Arrived in Lihue, Kaua’i from LAX around 10pm. Rented my car and drove through light rain down the two-lane roads splitting Wailua, Kapa’a and other small towns down the middle. Air smells like wet floppy plants and dirt. This is my first trip to the tropics, so I think it smells like a swamp. Like the North American almost-tropics of the Everglades and the Atchafalaya bayous. I crank the defrosters and turn the local contemporary reggae station up for an irie version of The Cars’ “Drive.” Tuning around to a hippie New Age broadcast where a spaced-out lady DJ talks about all the bad vibes on the mainland, and how Kaua’i has to radiate more positivity or something. Then she plays some trance music so it’s over to another reggae station.

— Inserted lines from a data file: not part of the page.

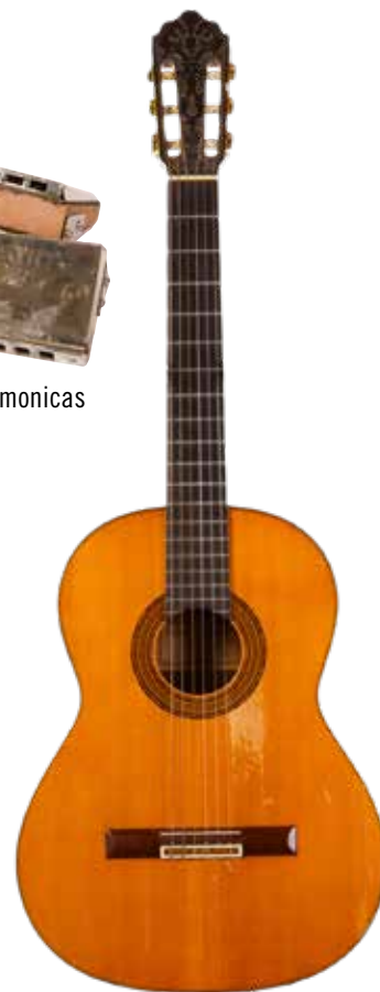
Fred Carter Jr.'s guitar

PLAY the instrument assigned to each group for the whole class to compare and contrast results of all groups.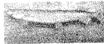
Nice Northern Pike!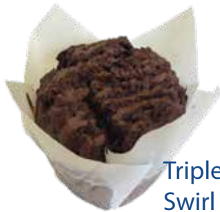
Triple Choc Swirl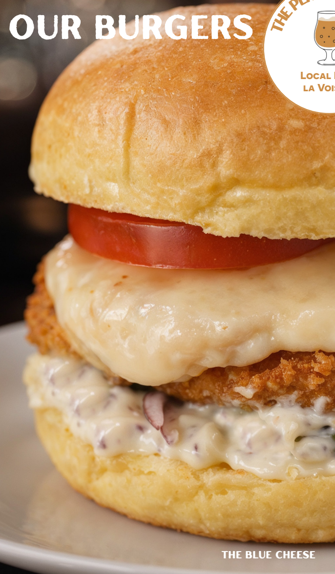
THE BLUE CHEESE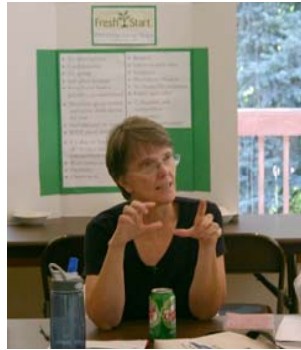
Participant in the Diocese of Oregon

"This is well thought-out material, written at a high level and has potential to help people in the church."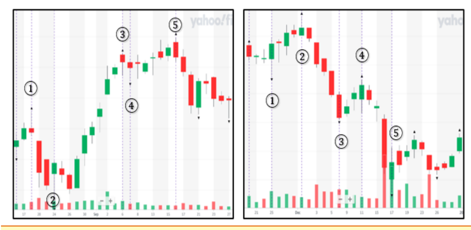
Figure 5 Graphical representation of Table 3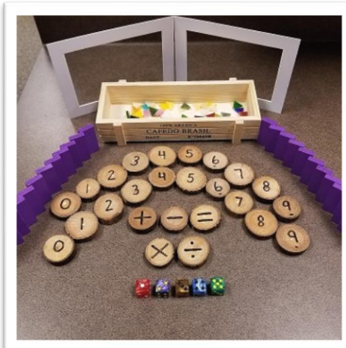
Numeracy Exploration for School Ageds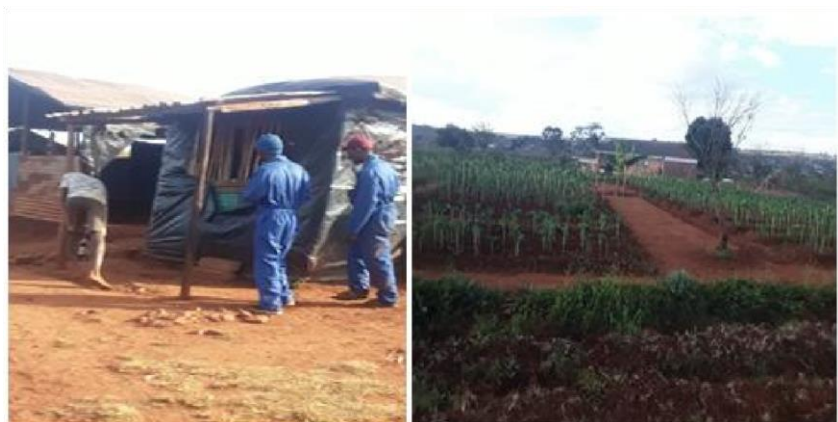
Plate 5: Economic survival strategies (Field survey, 2022)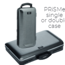
PRISMe single or double case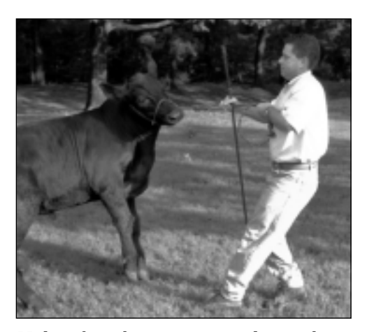
Halter breaking young calves takes consistent work.

Place the halter on the calf and adjust it to fit correctly. For proper fit, the nose piece should be up over the nose, just under the eyes. The halter should be moderately loose. Tightness can cause sores behind the ears.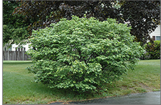
Compact Winged Burning Bush

Compact Winged Burning Bush will grow to be about 7 feet tall at maturity, with a spread of 7 feet. It tends to fill out right to the ground and therefore doesn't necessarily require facer plants in front, and is suitable for planting under power lines. It grows at a slow rate, and under ideal conditions can be expected to live for 50 years or more.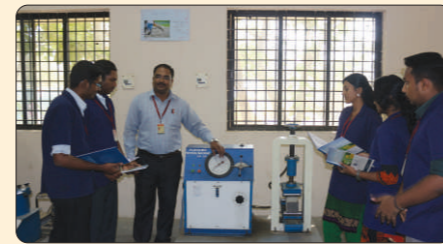
Concrete and Highway Lab

Stop into a big VALU supermarket place to buy food. I bump my cart into the uncanny embodiment of Kaua’i cliché: native Hawaiian dudes straight out of the waves in board shorts, shirtless with sandy feet, buying beer. Mad-dogging the red-eyed haole tourist, me, as I embody another cliché, placing a sixer of the local microbrew into my cart. I throw in a 12-pack of Tecate just to show I’m down. Really though I’m a little jet-lagged and too tired to stay unnerved by some agro surfer guys. I also buy a half pound of poke from the deli. Raw chopped up tuna with all kinds of spices. Like nigiri salsa or something.

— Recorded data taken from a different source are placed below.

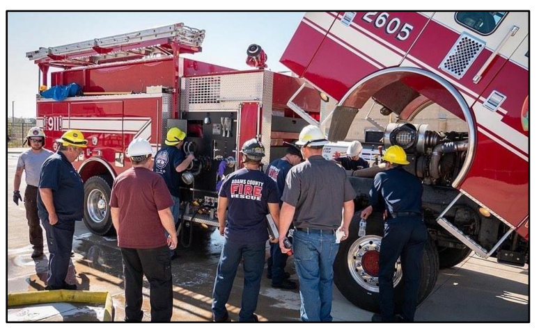
Pump Certification at the Aims Public Safety Institute.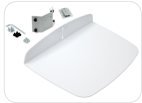
Utility Shelf 97-507-216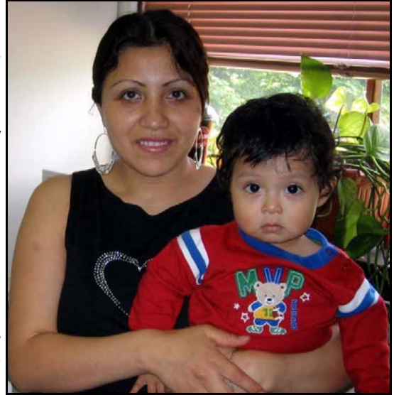
A family in our Homeless Assistance program.

▪ Low-Income Housing ▪ Commercial Space ▪ Building Uses & Tenants ▪ Volunteerism ▪ Global Relations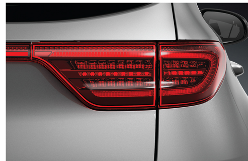
New Rear Combination LED Lamps**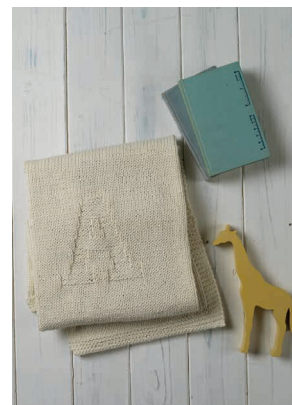
A to Zzz Blanky FREE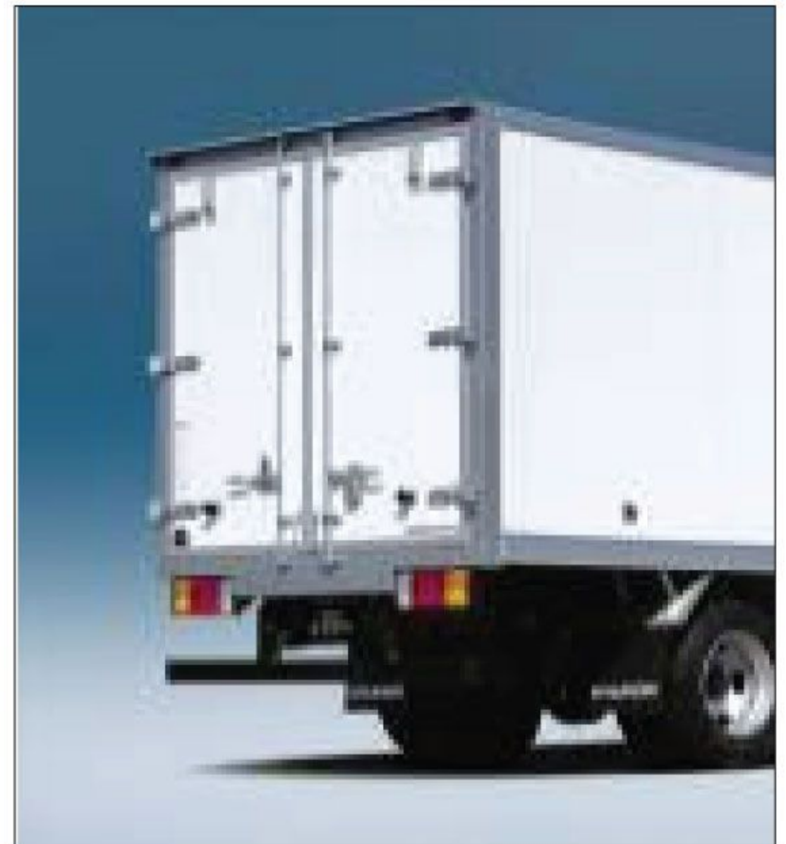
Rear Swing Door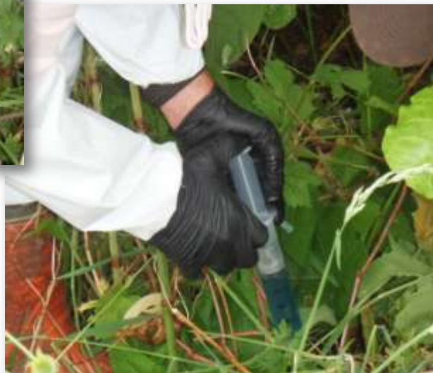
Site 1 - Stem injection type B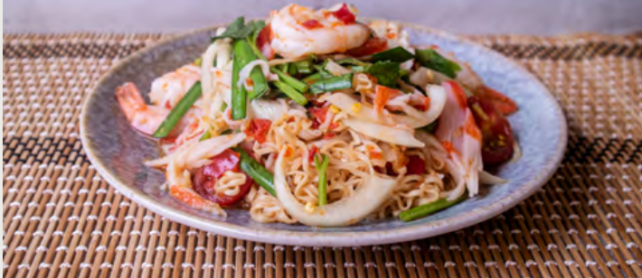
Spicy Mama Noodle Salad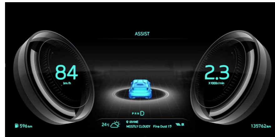
KRD 30-1164350 image for Information display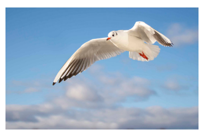
Out the Window Stennis Shotts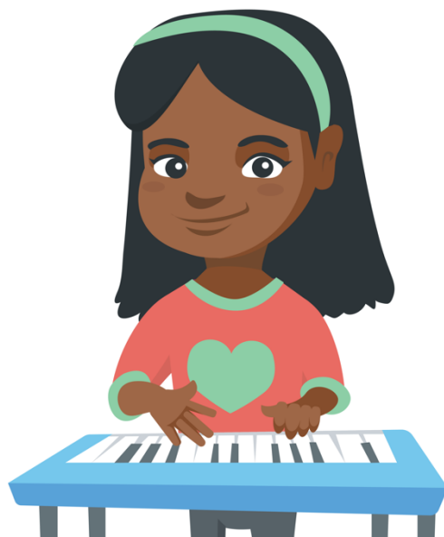
Playing the Piano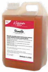
VANILLA 5 CANS X 2 LITER 60200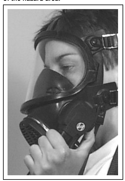
1. Take a deep breath and depress black reset button on demand valve.

DO NOT remove apparatus until clear of the hazard area.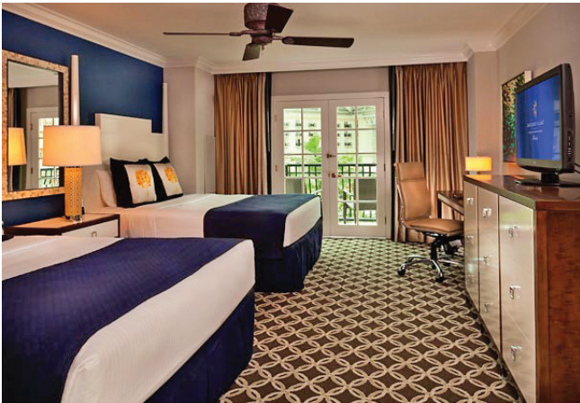
IMAGE GALLERY ~ THE WATERFRONT COLLECTION OF BICYCLE STREET INN & SUITES

7416 Main Street PO Box 1420 Mackinac Island, MI 49757 (906) 847-8005 (866) 752-0136 Fax www.bicyclestreetinn.com melanie@bicyclestreetinn.com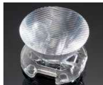
EMILY D= 26 MM PMMA

CA11387_EMILY-SS CA11388_EMILY-M CA11391_EMILY-M2 CA11389_EMILY-O CA11390_EMILY-O-90 CA11934_EMILY-W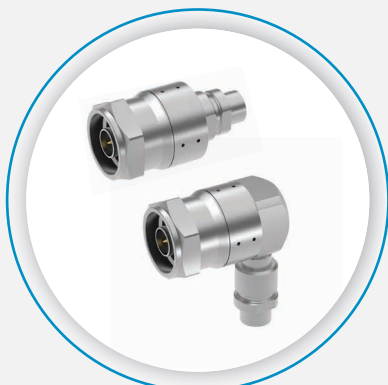
N 18 Self-Lock

As a leader in civil aircraft interconnection and RF connectors, Radiall introduces a new innovative technology in response to market demands to eliminate locking wires. Radiall's Self-Lock RF connectors are the perfect solution to provide secure connection-facing vibrations experienced in aerospace applications.

Drive for another 45 minutes. The roads get more narrow past Princeville. Rain comes and goes. One-lane bridges and the outlines of wind-whipped palms on the dark coastline. Pass by the Wainiha General Store, which is almost recognizable from the version that shows up in the movie Lilo & Stitch (an animated thing for children that is generally funny and strange). Except the non-Disney version sells these T-shirts with a drawing of a snarling boar’s face circled by the slogan HUNT PIG KAUA’I.
Turn on the Powerhouse Road that heads up the Wainiha Valley. Drive between jacked-up pickup trucks with anti-methamphetamine bumper stickers: Cook Rice Not Ice. Hunting dogs snooze under mailboxes, their driveways descending out of sight into the river valley. NO TRESPASSING.
The house I’ve rented is easy to find. The guy who owns it is a native; he built what is now a “vacation rental by owner” for his parents. Moved up the valley after the 1957 tsunami. I know this from his website, and he later tells me the same story standing in his front yard ’cause he lives right next door with his wife. The laminated info sheet on the kitchen counter also tells me she’s a quadriplegic, after some kind of mowing accident. This is always on my mind while I’m here. The land behind my house is a riotous orchard of guava trees. A friendly cow wanders around back there. Four dogs bound up into the garage as I get out of my car.
A couple large cockroaches scatter when I turn on the kitchen lights. I open up all the windows. Geckos burp and bark on the porch. “It’s called a lanai,” my friends Kathryn and Jason will both chastise me later in the trip. I open up a beer and eat the poke out of its Styrofoam-and-plastic-wrap deli container with a fork. Gingerly. Still slightly unsure of whether or not I’m doing it right. The fish is slick and raw. Again like cheap sushi, but hot ‘n’ spicy.
Out onto the lanai with another beer to open up the tripod, turn the camera on and see where I’m at with some long exposures. There’s a waxing moon, a few days from full. With a lot of clouds. I know there’s mountains, but I want to see them before the sunrise. That’s how these photos came about.